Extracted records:
--- START ---
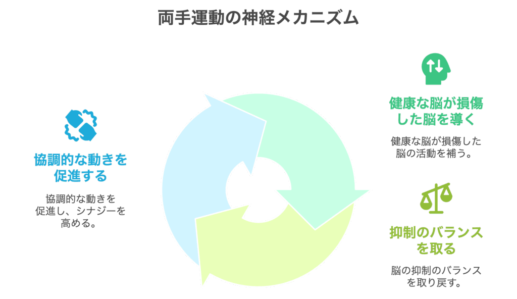 では、なぜ両手を同時に動かすことが、特に肩や肘の機能改善に良い影響を与えるのでしょうか。それには、脳の中で起こる3つの重要なメカニズムが関係しています。
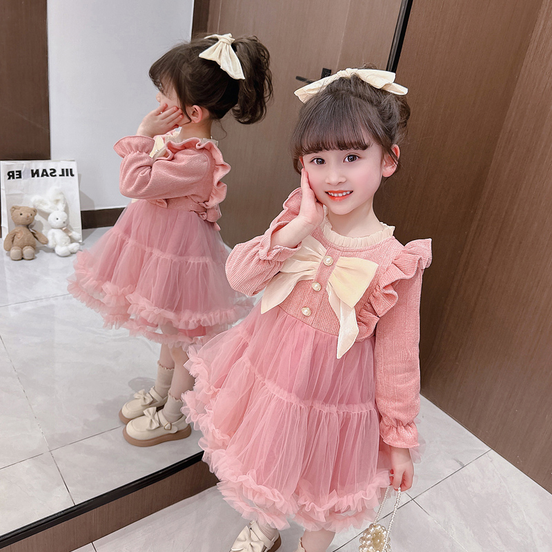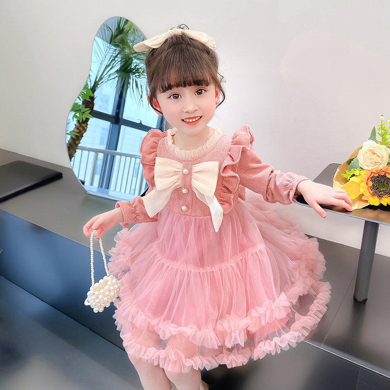 Han Fan Girl Yellow Princess Wears Long sleeve Spring Fall Dress Baby Lace Fragrance Small Fragrance Dress Spring
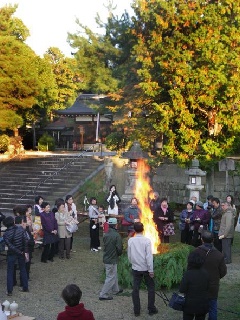 収穫に感謝し、長く寒い冬の間の健康や火災除けを願う神事「火焚祭」が、新日吉神宮で執り行われます。「火焚祭」は、京都の多くの神社で行われる秋の行事として知られ、大正時代までは、皇室でも皇居において天皇の御前で女官により行われていました。新日吉神宮では、午後3時からの本殿での祭典で、神楽女により優雅な「鈴の舞い」と「剣の舞い」が奉納され、その後、本殿前の火床で火焚串の焼納や、湯立神楽が厳かに舞われます。火焚の炎にあたると健康に恵まれるとされ、参拝者へは風邪よけの「焼みかん」と災難不浄除けの「笹まもり」が無料で配られます(いずれも数に限りがあり)。
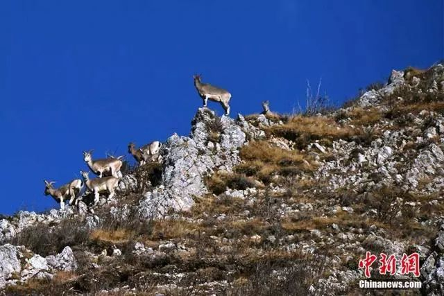 图为一群岩羊在山坡上觅食。 切嘎 摄
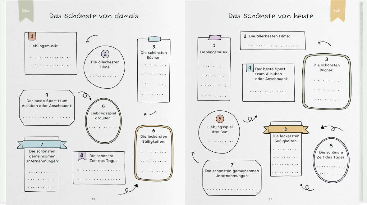 - Fördert Kreativität und Kommunikation: Durch Zeichenaufgaben, originelle Fragen und Quizaufgaben kommen Großeltern und Kinder ins Gespräch
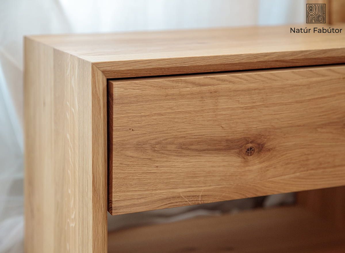 Az itt ajánlott fából készült éjjeliszekrény egy olyan bútordarab, amely különösen népszerű, nem utolsósorban átlagon felüli minősége miatt. A bútordarab teljes egészében olajozáson átesett tölgyfából készült, ami garantálja hosszú távú tartósságát és ellenállását gyakorlatilag minden sérüléssel szemben. Könnyen ellenáll az ütéseknek és karcolásoknak, és ha mégis bekövetkezne a sérülés, az újrafényezéssel könnyen eltávolítható.
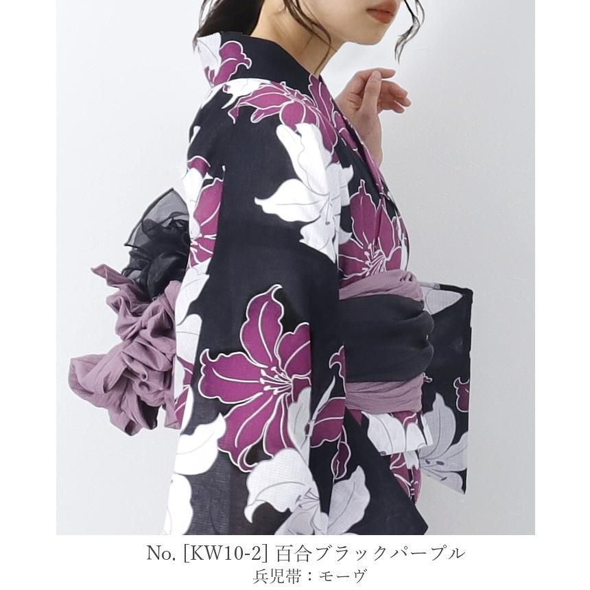 F 糸目牡丹ブラック 簡単 1人で着れる綿 セパレート浴衣2点セット 二部式浴衣 帯 セパレート浴衣 浴衣セット 夏着物 綿 レディース 二部式 セパレート イイネ
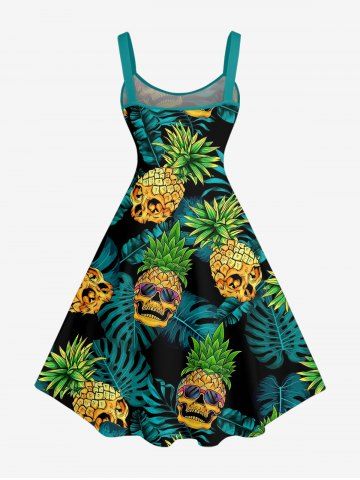 Plus Size Skull Pineapple Tropical Leaf Print Hawaii A Line Dress - Deep Green - M
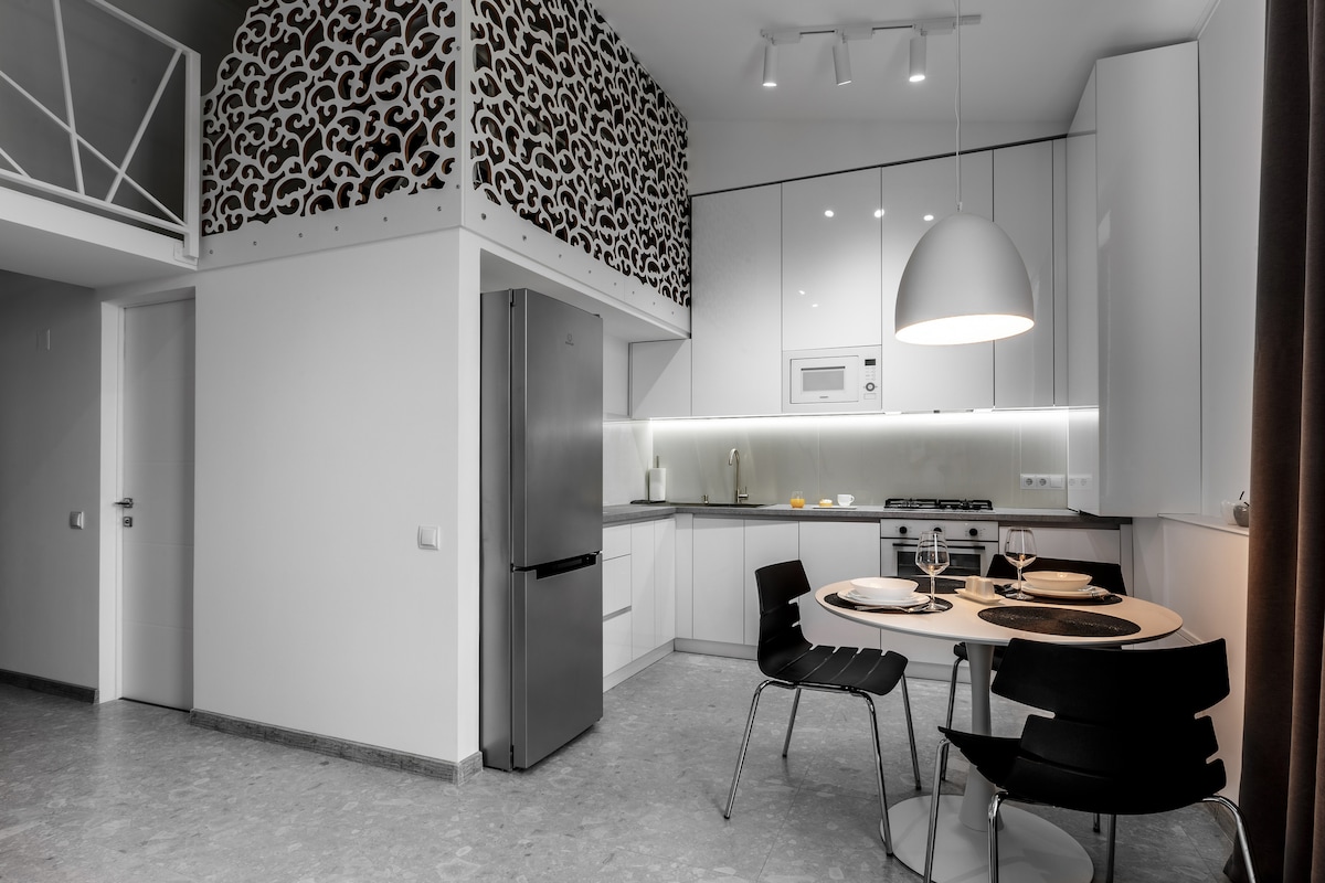 ¡Despiértate sobre la ciudad! Disfruta de las vistas panorámicas del centro de Chișinău desde tu balcón privado en la azotea en este moderno ático de diseño. Techos altos (hasta 5 m), dormitorio separado, oficina en el entrepiso con cama supletoria, amplia sala de estar que se abre a una terraza, cocina totalmente equipada, armario y baño. El balcón rodea el departamento. Wifi, 2 televisores inteligentes, aire acondicionado, espacio de trabajo, lavadora y secadora incluidos. Ideal para parejas, viajes de negocios o una estancia elegante en la ciudad.
--- END ---
Instructions for the task:
Starting at the line that contains "Plus Size Skull", write out every line through the end of the entries above exactly, and omit the pictures.

Answer box:
 Plus Size Skull Pineapple Tropical Leaf Print Hawaii A Line Dress - Deep Green - M
 ¡Despiértate sobre la ciudad! Disfruta de las vistas panorámicas del centro de Chișinău desde tu balcón privado en la azotea en este moderno ático de diseño. Techos altos (hasta 5 m), dormitorio separado, oficina en el entrepiso con cama supletoria, amplia sala de estar que se abre a una terraza, cocina totalmente equipada, armario y baño. El balcón rodea el departamento. Wifi, 2 televisores inteligentes, aire acondicionado, espacio de trabajo, lavadora y secadora incluidos. Ideal para parejas, viajes de negocios o una estancia elegante en la ciudad.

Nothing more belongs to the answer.